Directions for this task ::
Except for the pictures, retype the records that follow exactly.

Record excerpts ::
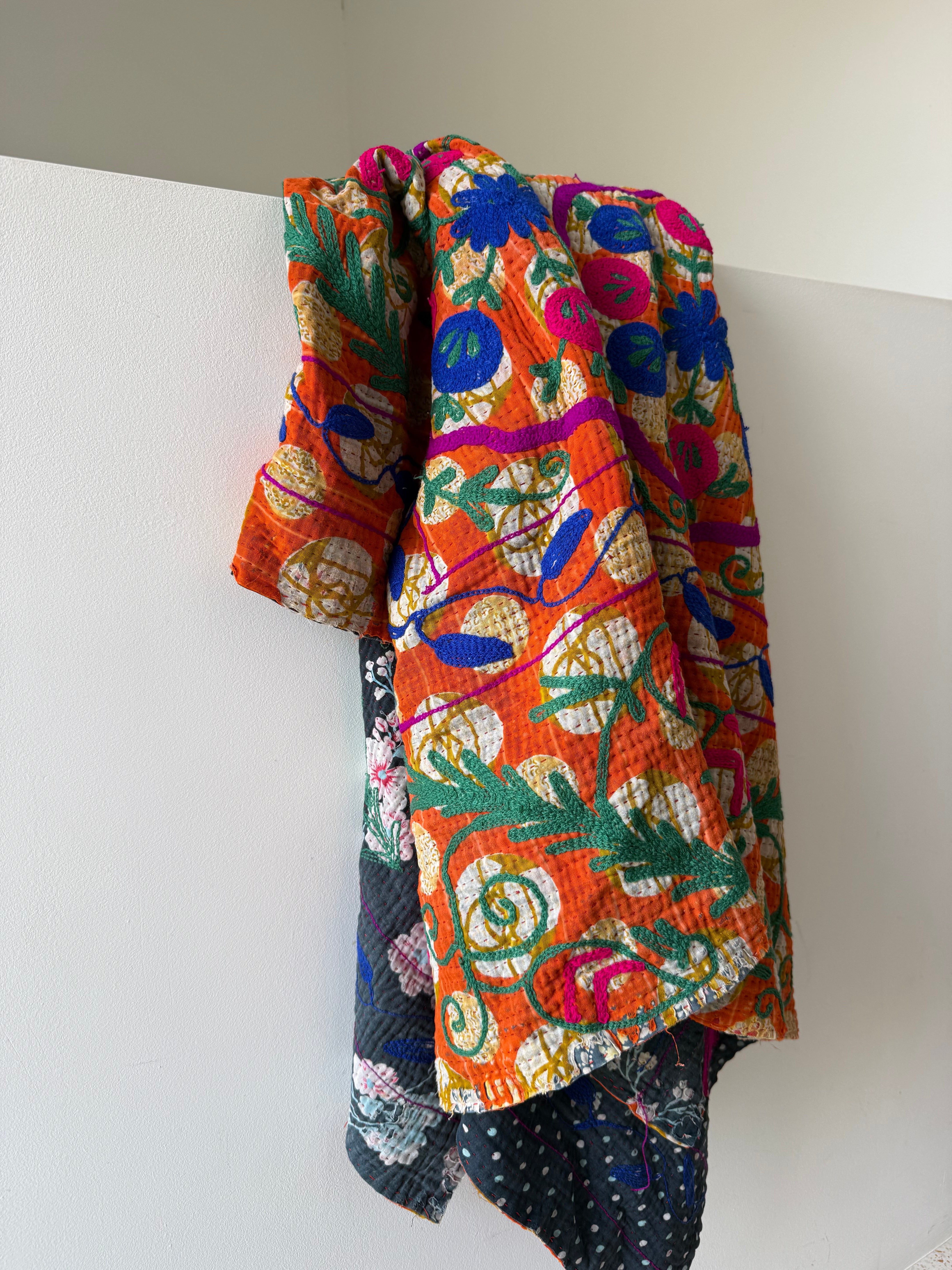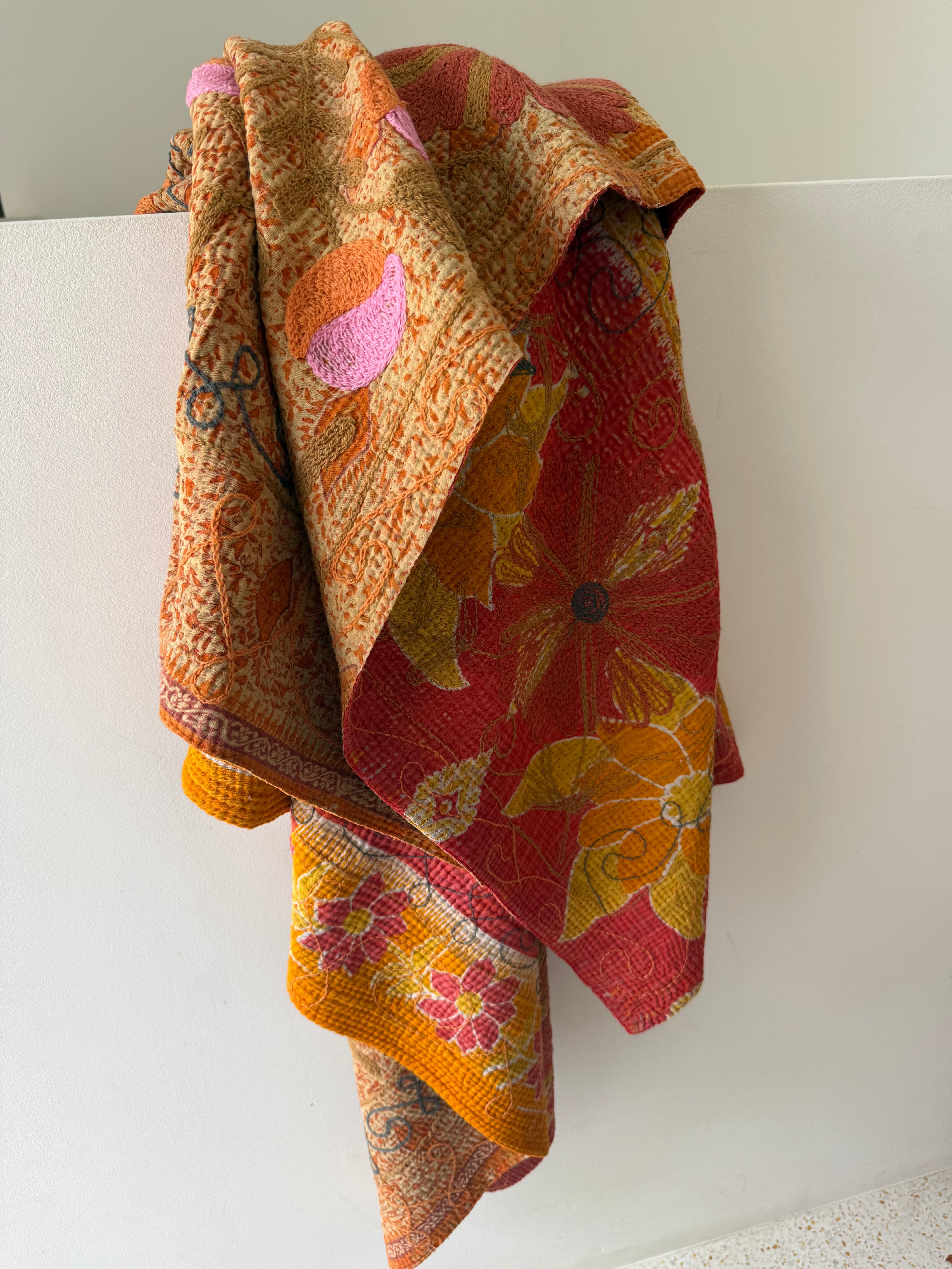 Each one is unique, on a Kantha base cloth using the most amazing colours and stitch work - they are soft and have a gorgeous heirloom feel - all measurements are approximate -
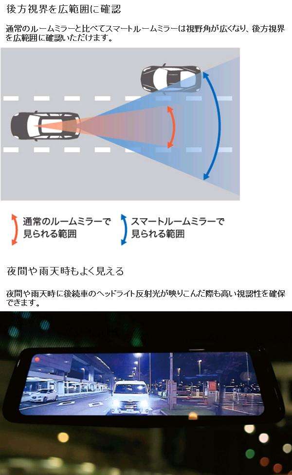 ◇通常のルームミラーと比べてスマートルームミラーは視野角が広くなり、後方視界を広範囲に確認いただけます。
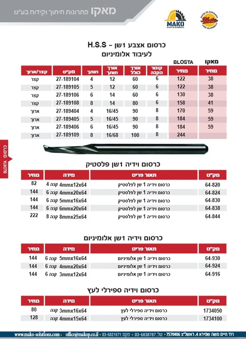 כרסום אצבע 1 שן H.S.S לעיבוד אלומיניום , פלסטיק ועץ
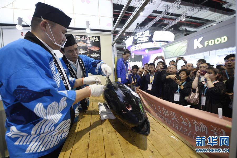 11月7日,來自日本長(zhǎng)崎魚市株式會(huì)社的專業(yè)切魚師傅為解體70公斤藍(lán)鰭金槍魚做準(zhǔn)備。第二屆中國國際進(jìn)口博覽會(huì)正在上海國家會(huì)展中心舉行。博覽會(huì)的食品及農(nóng)產(chǎn)品展區(qū)里匯集了來自世界各地的美食,同時(shí)也上演各種精彩美食秀。11月7日,來自日本長(zhǎng)崎魚市株式會(huì)社的專業(yè)切魚師傅現(xiàn)場(chǎng)解體一條70公斤的藍(lán)鰭金槍魚,吸引大量參觀者觀看、品嘗。新華社記者王鵬攝
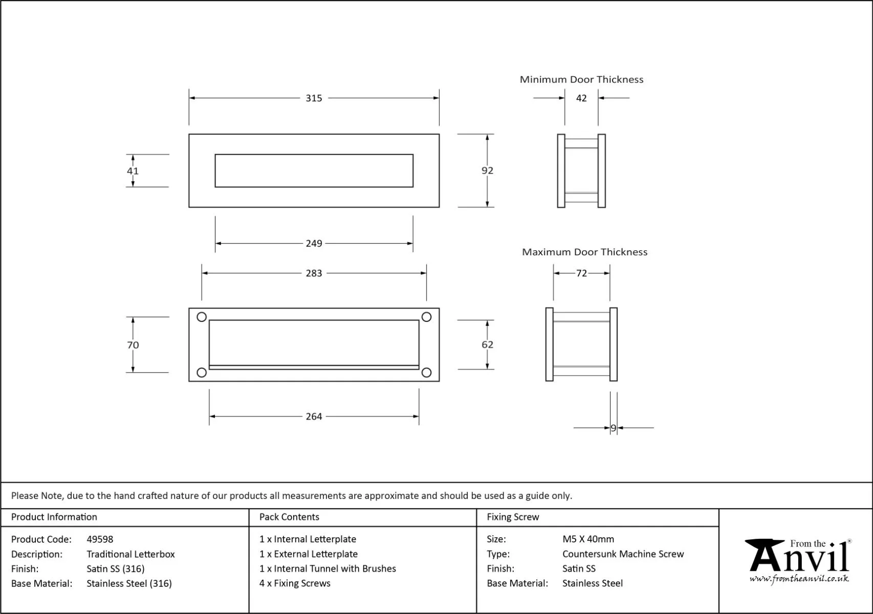 From the Anvil 315mm Satin Stainless Steel Marine (316) Traditional Letterbox | 49598

Reply ::
 Each one is unique, on a Kantha base cloth using the most amazing colours and stitch work - they are soft and have a gorgeous heirloom feel - all measurements are approximate -
 ◇通常のルームミラーと比べてスマートルームミラーは視野角が広くなり、後方視界を広範囲に確認いただけます。
 כרסום אצבע 1 שן H.S.S לעיבוד אלומיניום , פלסטיק ועץ
 11月7日,來自日本長(zhǎng)崎魚市株式會(huì)社的專業(yè)切魚師傅為解體70公斤藍(lán)鰭金槍魚做準(zhǔn)備。第二屆中國國際進(jìn)口博覽會(huì)正在上海國家會(huì)展中心舉行。博覽會(huì)的食品及農(nóng)產(chǎn)品展區(qū)里匯集了來自世界各地的美食,同時(shí)也上演各種精彩美食秀。11月7日,來自日本長(zhǎng)崎魚市株式會(huì)社的專業(yè)切魚師傅現(xiàn)場(chǎng)解體一條70公斤的藍(lán)鰭金槍魚,吸引大量參觀者觀看、品嘗。新華社記者王鵬攝
 From the Anvil 315mm Satin Stainless Steel Marine (316) Traditional Letterbox | 49598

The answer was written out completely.